Le temps n'a pas estompé les souvenirs des prisons de la République islamique pour cette artiste de 48 ans qui vit à Vancouver avec sa famille.

 

Ces souvenirs hantent ses toiles, comme d'ailleurs celles de Soudabeh Ardavan, 50 ans, qui a refait sa vie en Suède, où elle peint et écrit. Un livre en farsi, traduit en suédois, s'intitule justement Souvenirs de prison.

Assises dans une petite salle de la galerie Mekic, au Plateau-Mont-Royal, où sont exposées leurs toiles et leurs broderies, elles racontent leur jeunesse à Téhéran, exaltée par la révolution qui emporta le chah en 1979 et asphyxiée par les islamistes dès 1981 parce qu'elles militaient avec des groupes laïques de gauche.

Anniversaire d'un massacre

Entassées avec d'autres détenues dans des salles et des couloirs étroits, isolées dans des cellules, fouettées et battues pour qu'elles «passent aux aveux» et «reviennent à l'islam», condamnées ensuite à des années de prison ferme, elles ont pu fuir l'Iran. Elles n'y sont pas retournées, mais elles continuent de rêver qu'il s'ouvrira un jour à tous les courants et à toutes les opinions politiques.

Jusqu'au 29 septembre l'exposition à la galerie Mekic rend hommage à ces résistantes pour le 20e anniversaire du massacre des détenus en Iran. La République islamique l'a toujours nié, mais les survivants et les familles des victimes estiment que de 8000 à 30 000 prisonniers furent exécutés à partir du 19 juillet 1988 jusqu'à au moins la fin de l'année.

«C'est un prêtre qui, par une nuit de fortes pluies, a vu des cadavres laissés à découvert au cimetière de Khavaran. Il l'a dit aux familles des disparus, qui y ont mis au jour d'immenses fosses communes», dit Soudabeh Ardavan.

«On ne réprime pas la vie. Le 1er mai, des familles se sont réunies au cimetière et elles ont chanté L'Internationale, au grand dam des gardiens de la révolution, enchaîne Shohreh Kia. J'ai toujours gardé espoir.»

»Violence sans précédent»

L'historien Ervand Abrahamian a décrit ces exécutions comme «un acte de violence sans précédent dans l'histoire de l'Iran». L'ordre secret d'exécution, dont le texte a depuis été publié, avait été donné par l'ayatollah Khomeiny.

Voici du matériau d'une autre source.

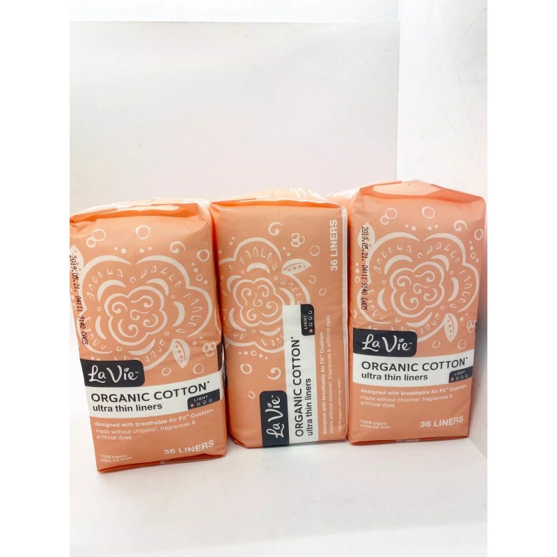 The time is now to stop making compromises when it comes to your period protection. What you put in your body and on your body matters which is why La Vie Organic Cotton Top sheet* Panty Liners and Pads for Women are made WITH a top sheet of fibers that are 100% organically grown cotton and WITHOUT fragrances and artificial dyes. La Vie is the only organic cotton top sheet* sanitary napkin made with a breathable AirFit cushion allowing the pad or liner to fit close to your body for fast absorption helping to keep you dry, comfortable and protected from leaks. La Vie period pads and panty liners are made from carefully sourced cotton and an OCS certified top sheet made with organic cotton ensuring only fibers that are 100% organically grown cotton come in contact with your skin. Choose from La Vie feminine pads and pantiliners to find the protection best for you ultra thin panty liners, ultra thin regular pads with wings, heavy absorbency long maxi pads with wings and overnight maxi pads with wings. These women's organic cotton top sheet* menstrual pads and liners are individually wrapped and unscented. Packaging delivered to you may vary from the images shown. This package contains 36 Organic Cotton Top Sheet* Ultra Thin Panty Liners. *Top sheet fibers 100% organically grown cotton

«La guerre avec l'Irak tirait à sa fin. L'Iran avait perdu beaucoup de jeunes au front. Le régime redoutait que, si les détenus politiques étaient libérés, ils aient un grand impact politique sur la société», estiment Mmes Kia et Ardavan.

«Le régime savait aussi qu'il lui faudrait tendre la main à l'Occident après la guerre. Il redoutait que les Occidentaux ne fassent pression sur lui pour qu'il libère les détenus politiques. Il les a donc éliminés», ajoutent-elles.

Sur le thème «Cela ne doit plus se passer», les responsables ont organisé hier une soirée de musique et de poésie à l'UQAM. La commémoration se poursuit aujourd'hui et demain avec des causeries et des films, toujours à l'UQAM.